WHAT IS NEEDED:
Pictures aside, copy exactly each line from the one that holds "HELBURUA ▶ Joxin" through the last line of the records below.

MATERIAL PROVIDED:
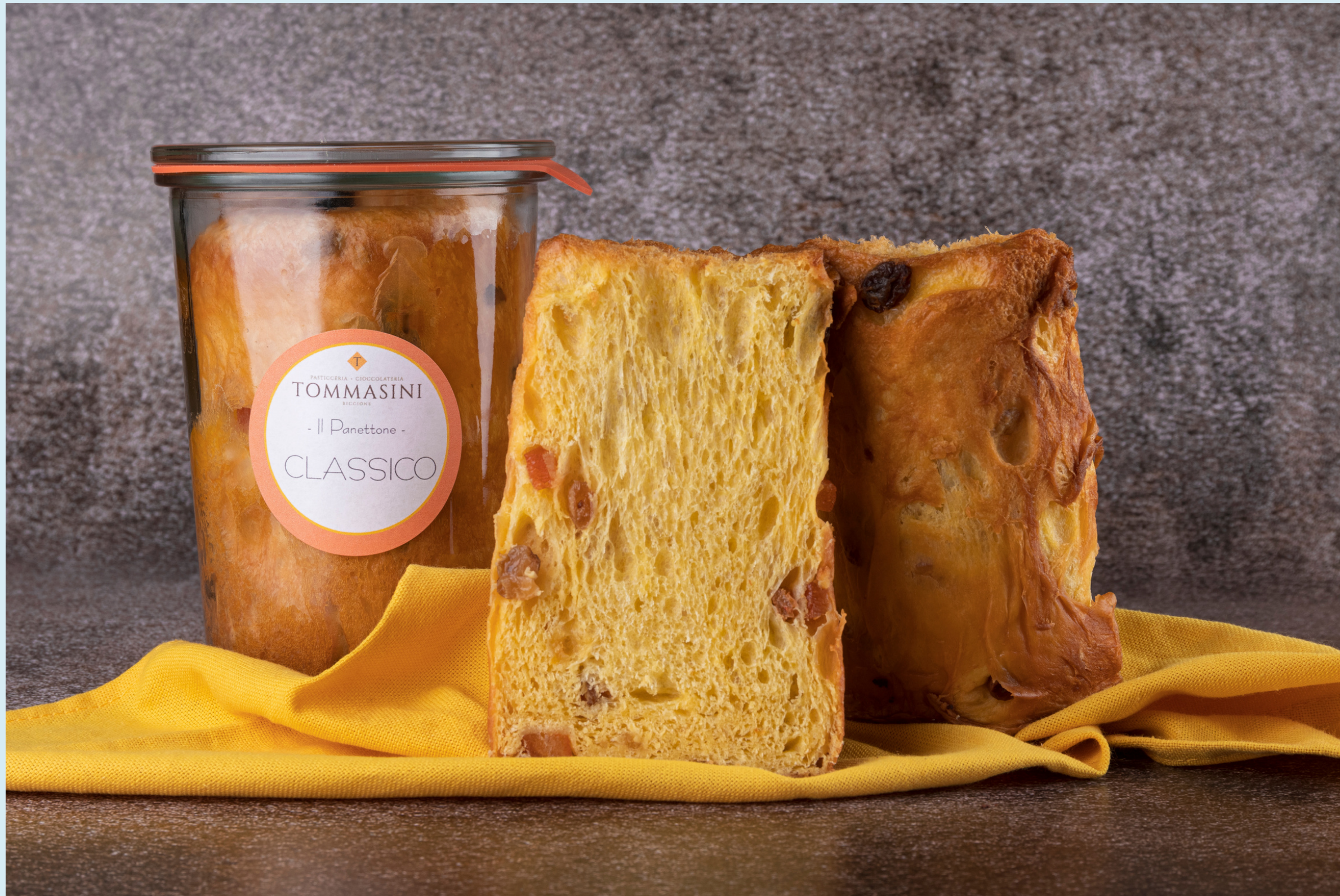
Immagine realizzata per: Pasticceria Tommasini, Riccione.

Still life per adv social. Fondale e allestimento del set personalizzato.
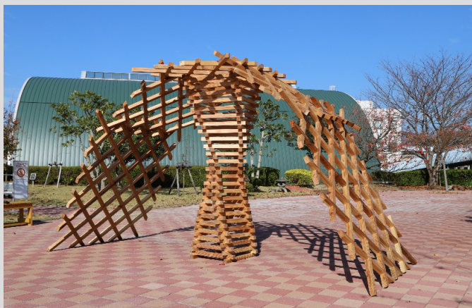
製作品「人と人を繋げるアーチ」
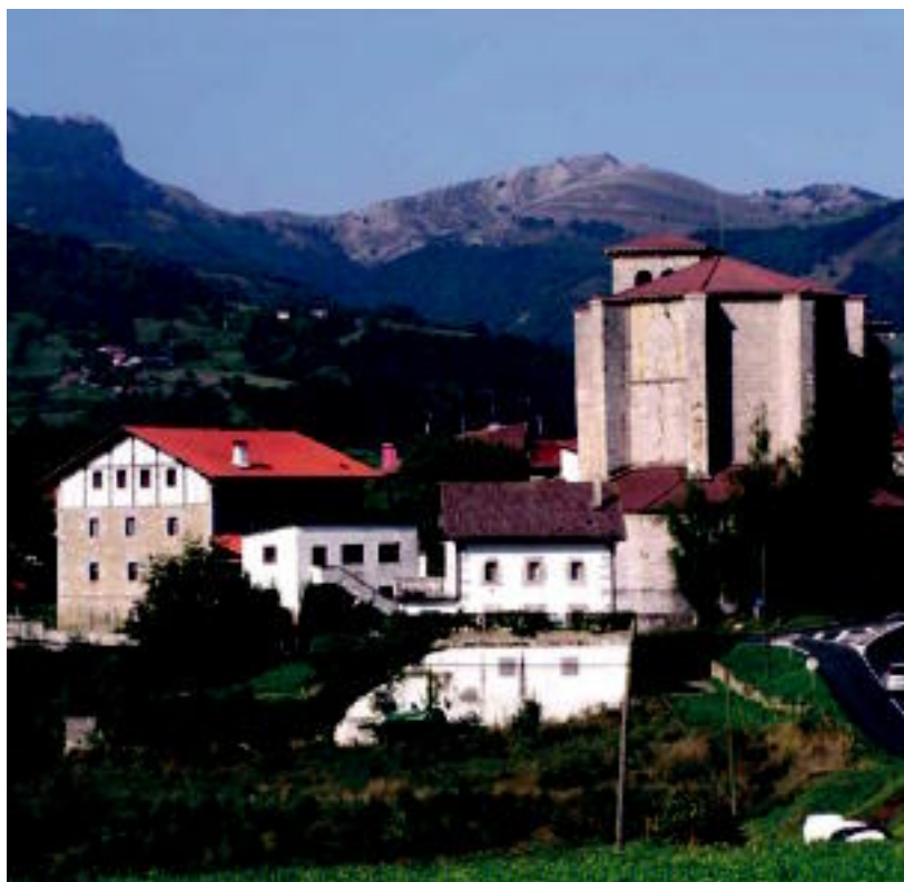
Zizurkilgo kaskoak gaur egun duen itxura. J. AZKUE

HELBURUA ▶ Joxin Azkue egilearen esanetan, «herriko memoria bisuala» jaso nahi du lanak ▶ 4
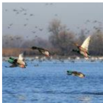
Slika 4. Životinje u Kopačkom ritu

„Kopački rit je nastao djelovanjem rijeka Dunava i Drave. Park obiluje sa: 293 vrste ptica (orao štekavac, bijela čaplja, crna roda, čigra, bijeli labud, divlje patke i guske samo su neke od njih), brojnim vodozemcima, oko 10 vrsta gmazova, 44 vrste slatkvodnih riba, sisavcima (najpoznatiji): divlja svinja, europska vidra i dabar, baranjski jelen, kuna zlatica)“ (Naglav i dr., 2019:7)

OUTPUT OF THE EXERCISE:
HELBURUA ▶ Joxin Azkue egilearen esanetan, «herriko memoria bisuala» jaso nahi du lanak ▶ 4
Slika 4. Životinje u Kopačkom ritu

„Kopački rit je nastao djelovanjem rijeka Dunava i Drave. Park obiluje sa: 293 vrste ptica (orao štekavac, bijela čaplja, crna roda, čigra, bijeli labud, divlje patke i guske samo su neke od njih), brojnim vodozemcima, oko 10 vrsta gmazova, 44 vrste slatkvodnih riba, sisavcima (najpoznatiji): divlja svinja, europska vidra i dabar, baranjski jelen, kuna zlatica)“ (Naglav i dr., 2019:7)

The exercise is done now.